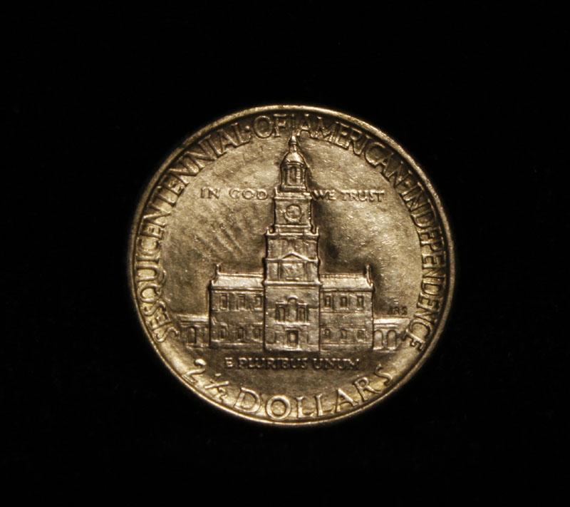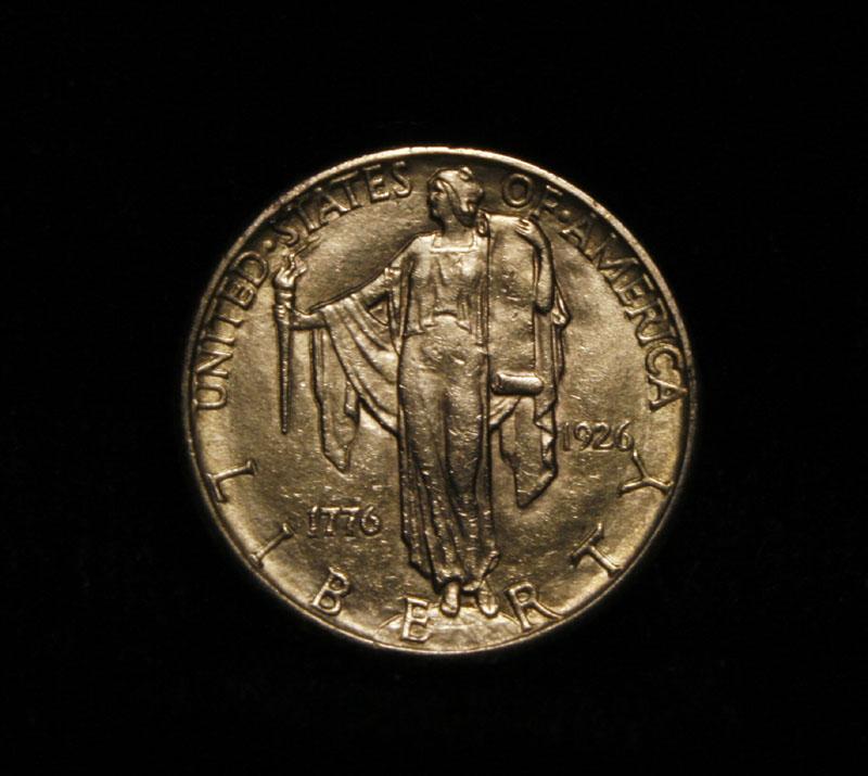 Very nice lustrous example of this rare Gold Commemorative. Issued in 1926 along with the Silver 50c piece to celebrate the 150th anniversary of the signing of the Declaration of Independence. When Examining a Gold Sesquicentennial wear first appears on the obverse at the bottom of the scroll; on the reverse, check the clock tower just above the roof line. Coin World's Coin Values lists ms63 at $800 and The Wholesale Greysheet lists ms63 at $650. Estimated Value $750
...
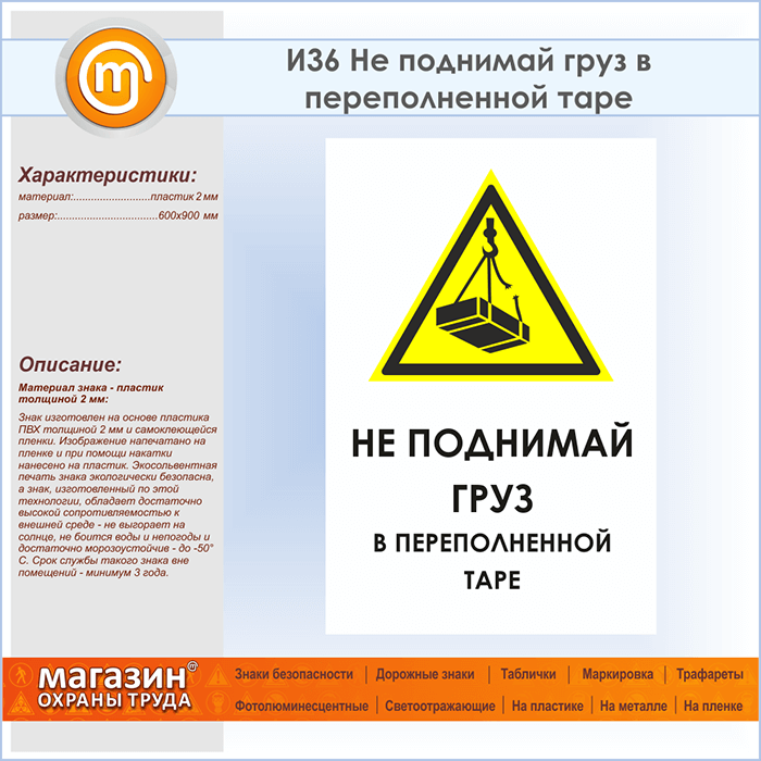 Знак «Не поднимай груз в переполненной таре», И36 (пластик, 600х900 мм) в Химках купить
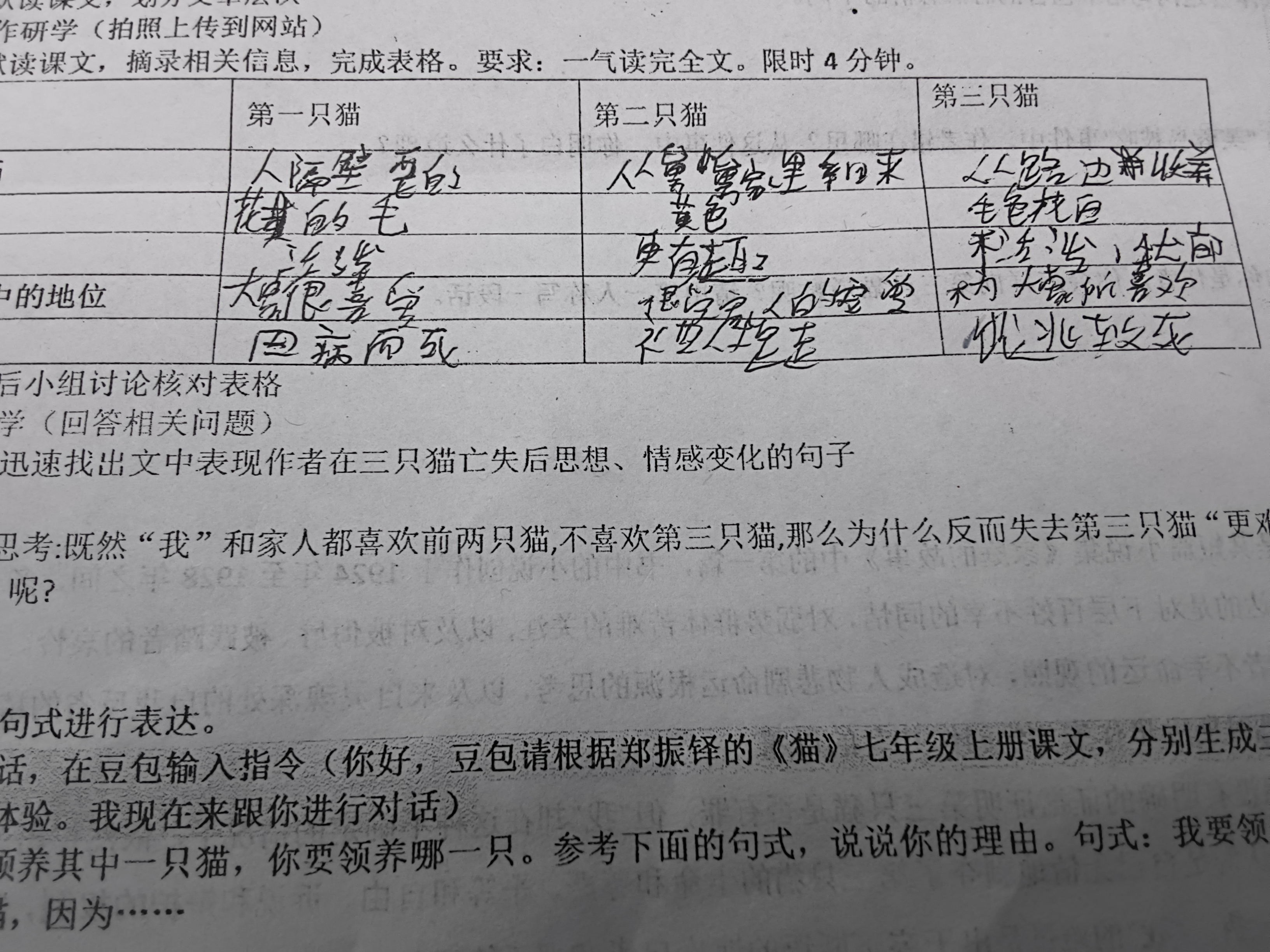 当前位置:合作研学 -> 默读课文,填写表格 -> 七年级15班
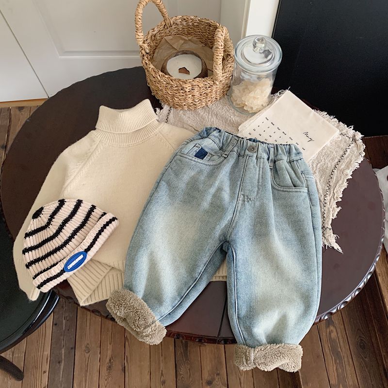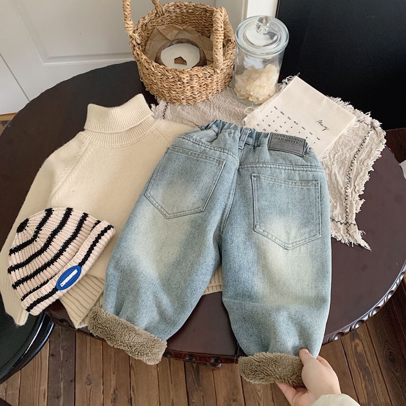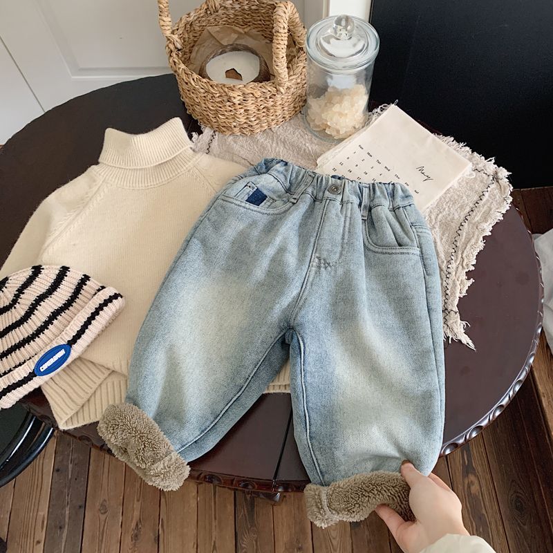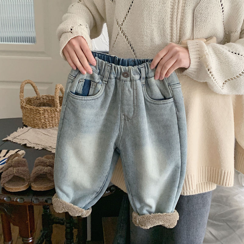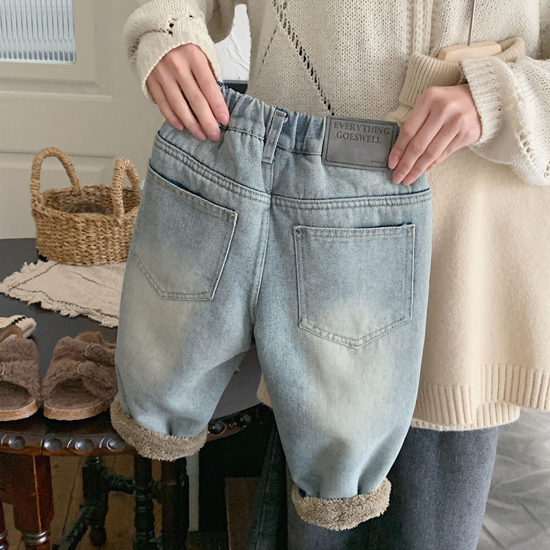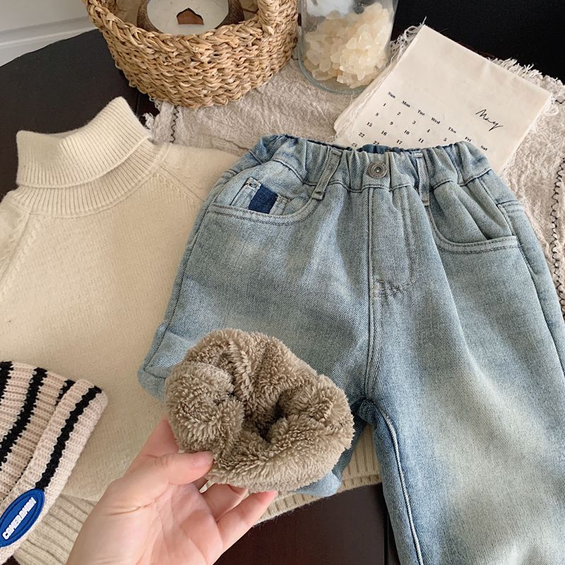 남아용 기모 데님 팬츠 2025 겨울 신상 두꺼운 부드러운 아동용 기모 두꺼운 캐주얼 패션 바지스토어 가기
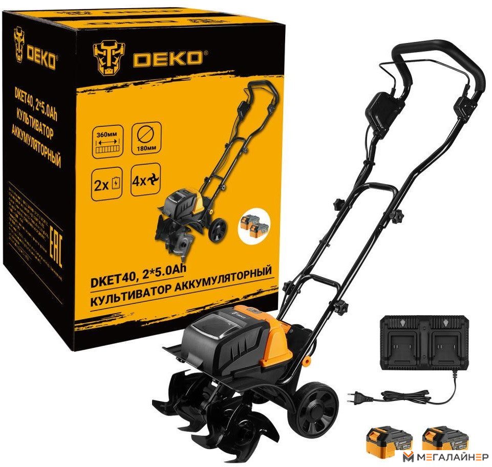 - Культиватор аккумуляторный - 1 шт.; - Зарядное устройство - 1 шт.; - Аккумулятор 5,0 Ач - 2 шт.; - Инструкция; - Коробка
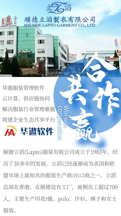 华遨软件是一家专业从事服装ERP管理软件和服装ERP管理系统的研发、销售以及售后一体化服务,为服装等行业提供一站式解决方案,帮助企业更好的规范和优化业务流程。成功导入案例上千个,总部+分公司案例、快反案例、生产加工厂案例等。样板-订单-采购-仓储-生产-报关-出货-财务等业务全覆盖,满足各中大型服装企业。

WORK TO COMPLETE
Copy the lines above exactly, starting at the one with "- Культиватор аккумуляторный" and ending at the one with "华遨软件是一家专业从事服装E", both included. Leave out any pictures and add nothing else.

TASK OUTPUT
 - Культиватор аккумуляторный - 1 шт.; - Зарядное устройство - 1 шт.; - Аккумулятор 5,0 Ач - 2 шт.; - Инструкция; - Коробка
 华遨软件是一家专业从事服装ERP管理软件和服装ERP管理系统的研发、销售以及售后一体化服务,为服装等行业提供一站式解决方案,帮助企业更好的规范和优化业务流程。成功导入案例上千个,总部+分公司案例、快反案例、生产加工厂案例等。样板-订单-采购-仓储-生产-报关-出货-财务等业务全覆盖,满足各中大型服装企业。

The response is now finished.